**WHAT THE TASK REQUIRES**:
Leave the pictures out. Return the rest of the listing below exactly.
[[ DATA BELOW, beginning ]]
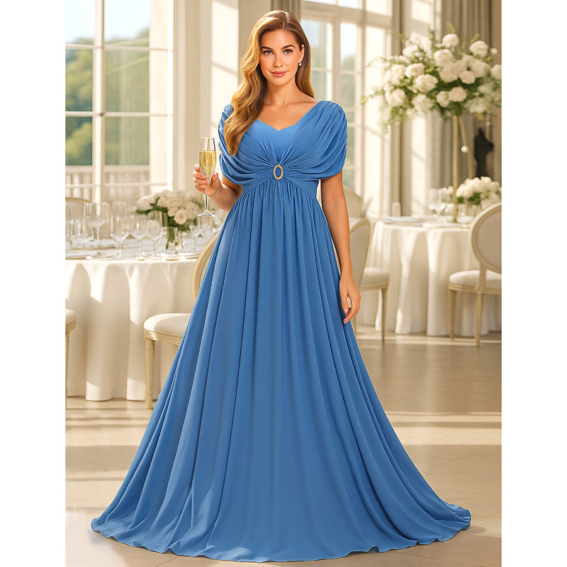 A-Line Floor Length Formal Dresses Evening Gown Mother of the Bride Dress Short Sleeve V Neck Elegant Vintage Party Formal Chiffon with Pleats Beading Ruching
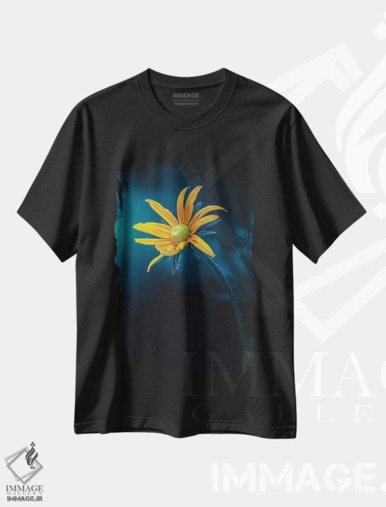 تی شرت هنری «گل زرد در نور آبی»؛ تلفیق رنگ و انرژی
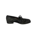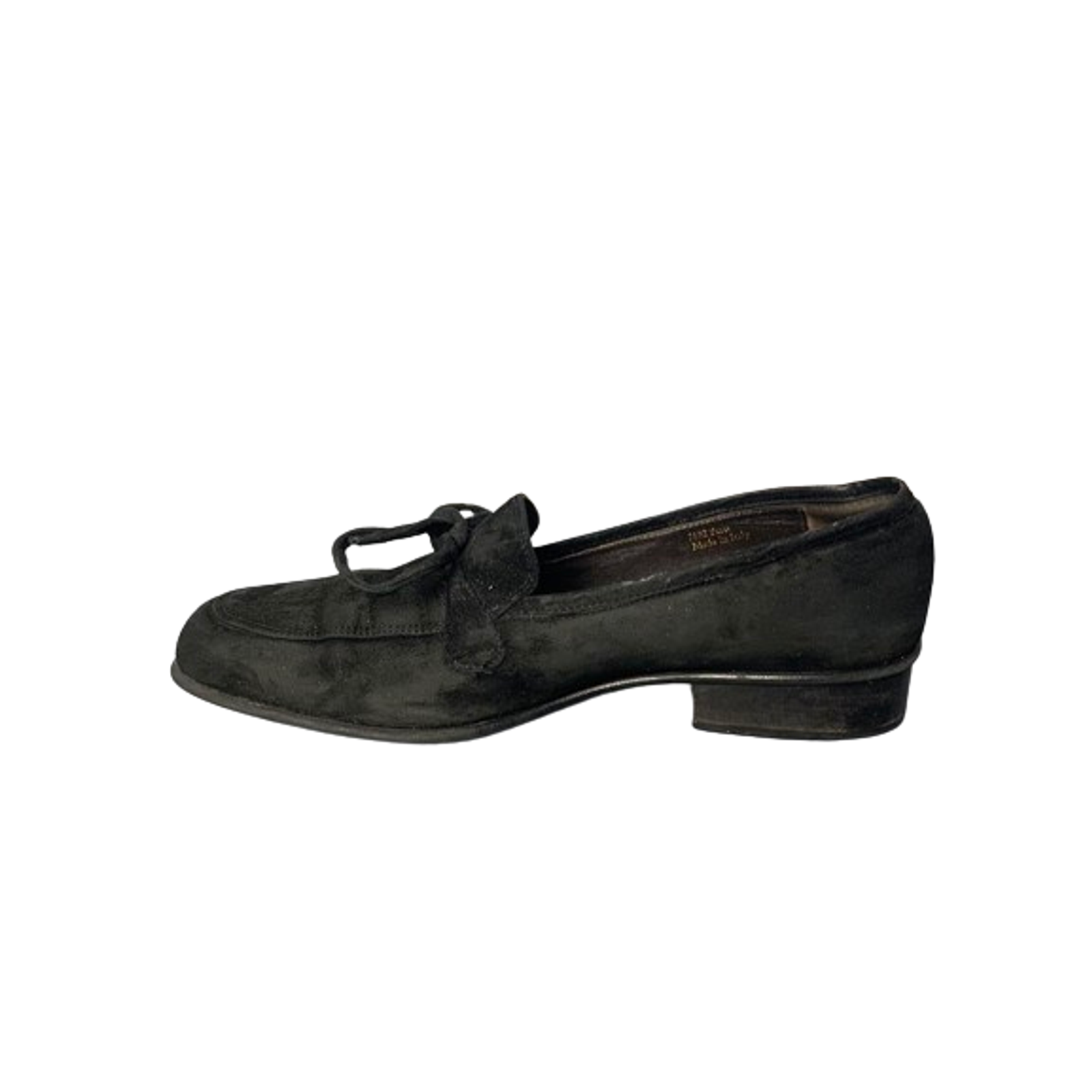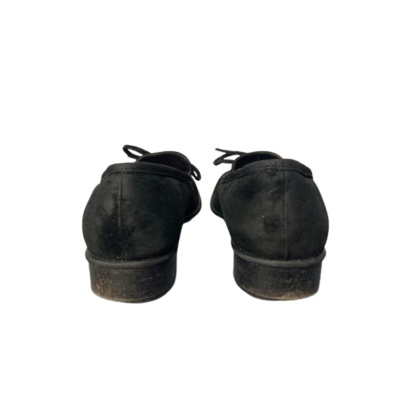 These Coach loafers, crafted from premium suede, offer a sophisticated and versatile addition to any wardrobe. The classic black design ensures they seamlessly complement various outfits, while the bow detail adds a touch of elegance. Ideal for both casual and formal settings, these shoes provide comfort and style. • Slip-on style with bow detail • Durable leather sole • Low 1-inch heel for added comfort • Round toe shape for a relaxed fit Signs of wear on soles and minor scuffs on suede.
[[ DATA BELOW, end ]]
**ANSWER TO THIS PROBLEM**:
 A-Line Floor Length Formal Dresses Evening Gown Mother of the Bride Dress Short Sleeve V Neck Elegant Vintage Party Formal Chiffon with Pleats Beading Ruching
 تی شرت هنری «گل زرد در نور آبی»؛ تلفیق رنگ و انرژی
 These Coach loafers, crafted from premium suede, offer a sophisticated and versatile addition to any wardrobe. The classic black design ensures they seamlessly complement various outfits, while the bow detail adds a touch of elegance. Ideal for both casual and formal settings, these shoes provide comfort and style. • Slip-on style with bow detail • Durable leather sole • Low 1-inch heel for added comfort • Round toe shape for a relaxed fit Signs of wear on soles and minor scuffs on suede.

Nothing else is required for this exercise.